Stuart is the curator of amphibians and reptiles at the N.C. Museum of Natural Sciences, which will hold its annual Reptile and Amphibian Day on March 12.

Speaking from his office where he keeps a Gila monster rescued from an Arizona swimming pool, Stuart focuses much of his work in Southeast Asia, where he also trains biologists to identify and inventory new species.

Since 2008, he and a pair of scientists from Australia and Vietnam have been hunting the Vietnamese Langbian Plateau for undiscovered amphibians.

Among the four new species, they located a frog that stretches only about 2 inches long as an adult, and can steer its body while gliding from branch to branch in search of bug prey.

It lays its eggs in rain-filled holes, normally as high as the uppermost branches. But the scientists were lucky enough to spot some at eye-level, where the fanged young frogs were discovered.
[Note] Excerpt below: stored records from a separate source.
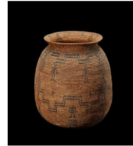
Title: Basket Primary Maker: Apache Medium: woven willow and devil's claw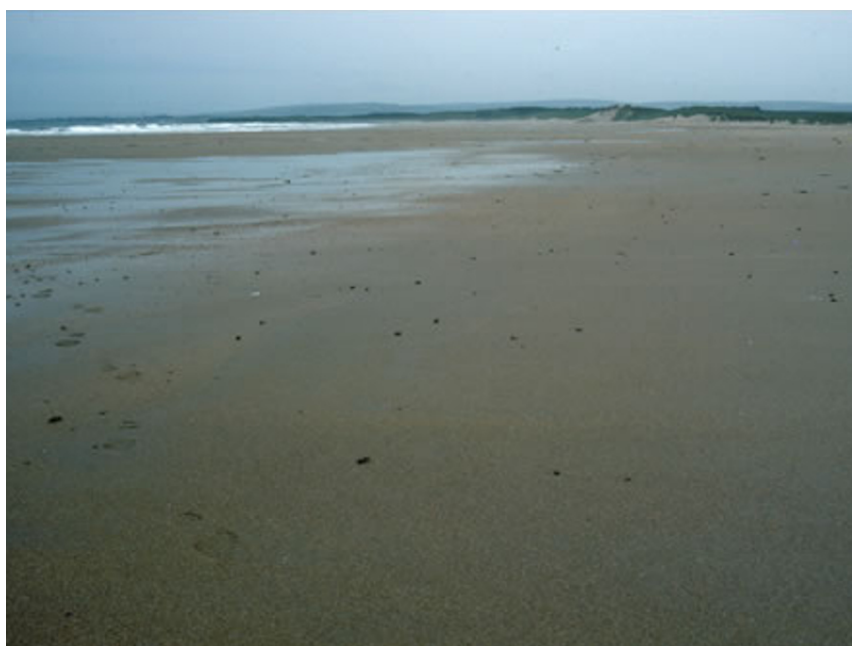
Barren littoral coarse sand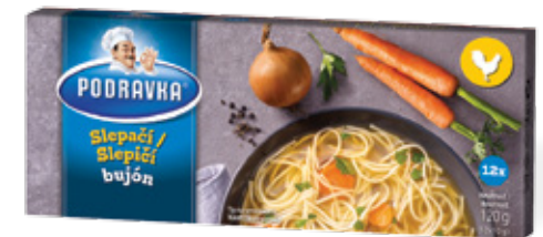
PODRAVKA CHICKEN BOUILLON CUBES

Weight: 80 g Product number: J528CQ EAN unit code: 3850104275289 Pcs/ crt: 15 Carton/ pallet: 468 Expiry date: 14 months

In the December edition of the journal Zootaxa, Australian scientist Jodi Rowley described, "most notably, a pair of keratinized hooks on the edge of the lower labium that face away from the mouth."

But more than just a fancy new frog, the find in Vietnam signals wide frontiers full of undiscovered species, amphibians in particular.

By 2006, more than 6,600 species of amphibians had been identified, most of them toads and frogs. That's about 50 percent more than were known in 1985.

Part of the reason for the amphibian explosion is that regions once unavailable for sampling are now open to researchers, Stuart says. Another is the technology used to identify new species, both through DNA and through acoustic tools that detect their calls. Frogs recognize each other through noises, while humans have always picked them out by sight.

"When you look at these amphibians in your hand, they look the same," Stuart said. "We've missed them."

The habitat in Vietnam where the vampire frogs have been found is increasingly threatened by coffee plantations as demand grows for Vietnamese beans.

But the frogs collected by Stuart and his colleagues - eight in all - were found in a protected national park area. It isn't known how abundant they are in this location, or even what their tadpole fangs are used for. By the time the rhacophorus vampyrus reaches adulthood, the fangs fall out.

This, however is certain: "They don't suck blood," Stuart said.